First the application creates an AnonymousObservable and provides the subscription function associated to this observable. It then creates an observer object (actually a subclass of Observer). After that, the observable is subscribed, with reference to the observer object provided as an input parameter. During the call to subscribe, the subscription function is called. In this example, the subscription function is synchronous: it emits three items (the integers 1, 2, and 3), and completes the observable. When the subscription function returns, the observable is already completed. At that point, the subscribe method of AnonymousObservable returns the Disposable function to the application. The application finally calls this dispose function to clean up any resource still used by subscription and observer.

Operators

Now the principles of observables and observers should start to be more clear. However, you may wonder: how can this make development of asynchronous code easier? After all, what was described in the previous section is almost exactly the description of the observer design pattern, with additions for the management of completion and errors. The answer is that this is not the whole story, but the foundation of an extensible framework. What made ReactiveX different from other frameworks is its inspiration from functional programming, with the availability of many operators that can be chained in a pipeline. In the RxPY implementation, operators are methods of the Observable class.
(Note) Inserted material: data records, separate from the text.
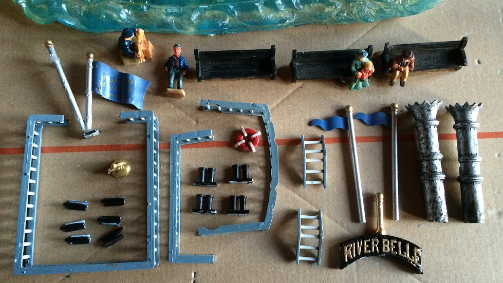 So here's where we are now. Another look of the stripped down Belle with some Atlas Lucky Luke figures. Next step will be to do something about those christmas wreaths attached to the sides (although the material being so hard to work with, I may just paint them as they aren't too conspicuous) and fill in the gaps in the upper deck planking where I removed the benches. Also need to remove the moulded "River" and replace with "Daisy" for the name.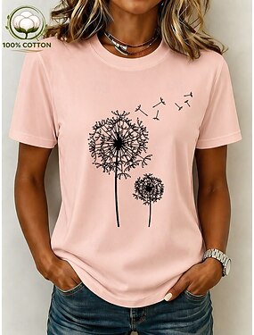 Per donna Maglietta Finto cotone e lino Stampato Grafico Dente di leone Moda Elegante Classico Manica Corta Scollo a V Top Regolari Quotidiano Uscire Weekend Bianco Giallo Blu inchiostro Grigio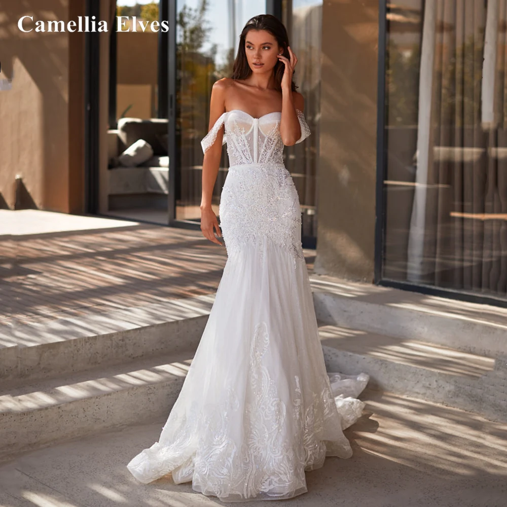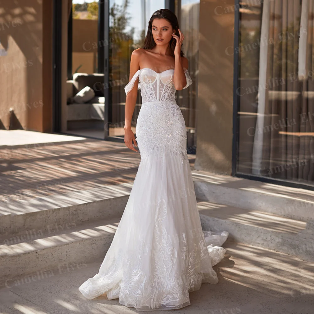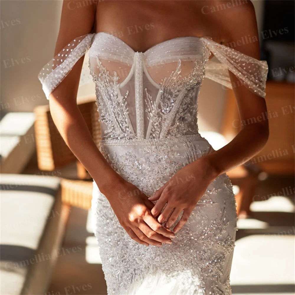 Сексуальные кружевные свадебные платья с открытыми плечами платья-русалки с бисером для невесты с блестками корсет Свадебные халаты со шнуровкой халат для невесты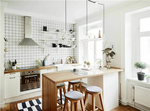 如果廚房本身空間比較寬敞,不妨在設計櫥柜的時候預留出小吧臺,做飯、用餐都可以在這里進行。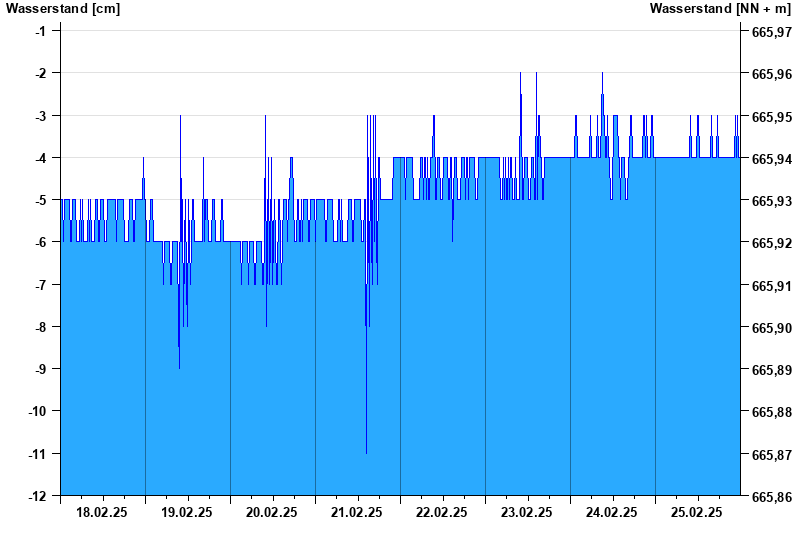 Messwerte beeinflusst durch Kraftwerkssteuerung und Kiesumlagerungen. Kiesanlandungen können bei Niedrigwasser Trockenlegung der Messinstrumente bewirken.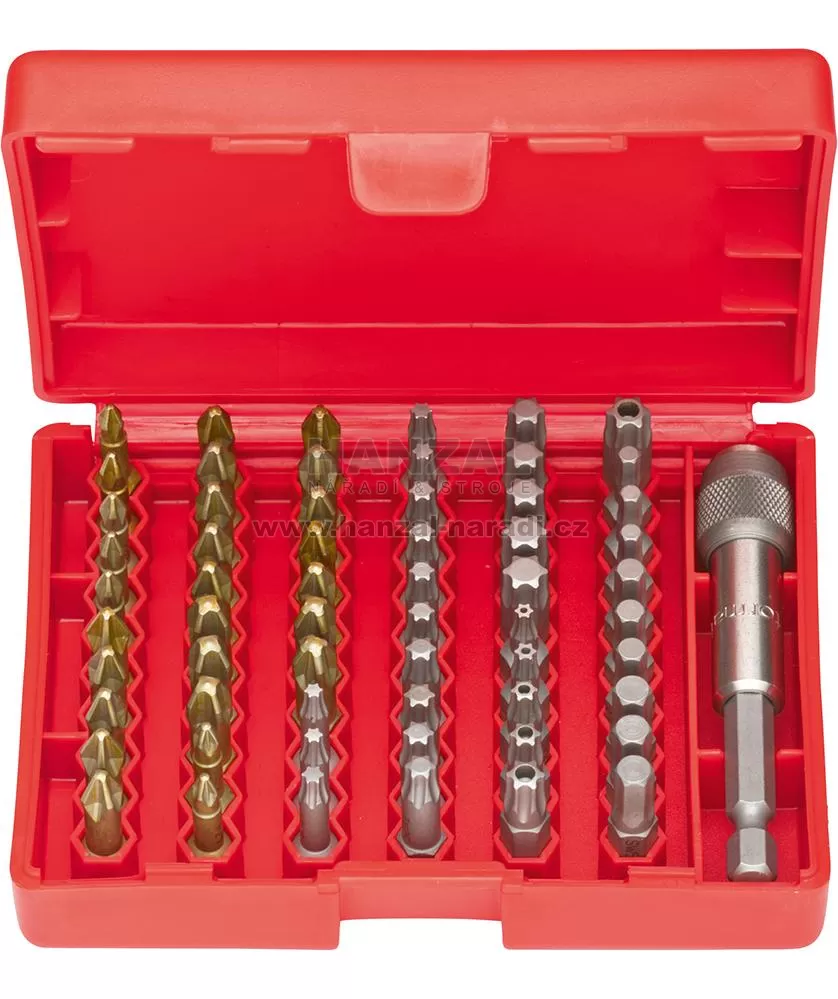 Provedení: S houževnatými a extra tvrdými bity v plastovém boxu. Bity jsou přehledně uspořádány a dají se rychle a cíleně vyjmout.

On some implementations of ReactiveX, they are implemented as functions which allow us to add new operators very easily. Look at the following example of pseudo-code:

Observable.from_(...)
.filter()
.distinct()
.take(20)
.map(...)

This is what a ReactiveX code looks like. It is a succession of operators that modify the items flowing through them. An operator can be seen as a monad: a construction that encapsulates program logic instead of data. (I apologize to functional programmers for this very simplistic definition.) An operator takes an observable as input and returns another observable. So, we can consider the observable data type as an abstract type that is used to compose functions together. Some operators accept other input parameters to provide additional program logic that will be executed on each item received on the operator. For example, the map operator that will be used later takes a function as a parameter. This function contains the code logic that will be executed on each item sent on the input observable.

Operators are not limited to the code logic of items. Since they work on the observable data type, they can also be used to manage observables' completion and errors. For example, some operators use completion events to chain observables one after another. Other operators use error events to gracefully manage these errors.
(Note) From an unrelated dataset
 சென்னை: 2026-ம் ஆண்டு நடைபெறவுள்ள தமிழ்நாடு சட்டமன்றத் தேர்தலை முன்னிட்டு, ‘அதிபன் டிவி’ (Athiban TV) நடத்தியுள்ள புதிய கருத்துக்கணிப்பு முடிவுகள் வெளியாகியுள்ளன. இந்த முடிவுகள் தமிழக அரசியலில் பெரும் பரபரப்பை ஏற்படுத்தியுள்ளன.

The RxPY implementation contains about 140 operators. We will cover the most used, which is about half of them. As you will be writing RxPY code, you will also be writing your own operators, even if they will not be directly usable in the kind of pipeline that we saw earlier. As we will see, writing a custom operator is the way to factorize code and make functions simpler when using ReactiveX.

Installating RxPY

RxPY is available as a Python package published on PyPI (https://pypi.org/), so it can be installed with pip. Depending on your operating system, you may already have pip installed. Otherwise refer to the pip installation documentation (https://pip.pypa.io/en/stable/installing/).

By following the examples in this book, you will install several libraries and sample packages that you may not want to keep on your system. In order to avoid cluttering your environment, you should run all these examples in a virtualenv. virtualenv is a tool that allows you to create isolated Python environments. With it you can create many different Python environments, potentially using different Python interpreters that are independent from each other. This is a great tool when developing in Python because it allows you to:

  • Test libraries without installing them on your system
  • Test some code with different versions of Python interpreters
  • Test some code with different versions of dependency packages
  • Have one independent and reproducible execution environment per project

If you are not already familiar with it, I encourage you to use it when running the example code that we will use. The installation of virtualenv is very easy via PyPI, using the following command:

pip3 install virtualenv

Creating a new virtual environment is also quite easy, in a single line with three parameters, using the following line of code:

virtualenv --system-site-packages -p /usr/local/bin/python3 venv-rx

The --system-site-packages option indicates that we want to use system packages when they are already installed. If you omit this parameter you will create a complete Python environment from scratch. This would be better for isolation but requires much more space because each dependency will be reinstalled in virtualenv. In our case, we do not need a strict isolation from the system; we only want to avoid installing new packages in our system. The -p option indicates what the Python interpreter will use. You should adapt it to your environment. The /usr/local/bin value corresponds to a macOS system. On Linux, the cpython interpreter is usually located at /usr/bin. Finally the venv-rx parameter is the name of virtualenv created. After running this command you will see a new directory named venv-rx.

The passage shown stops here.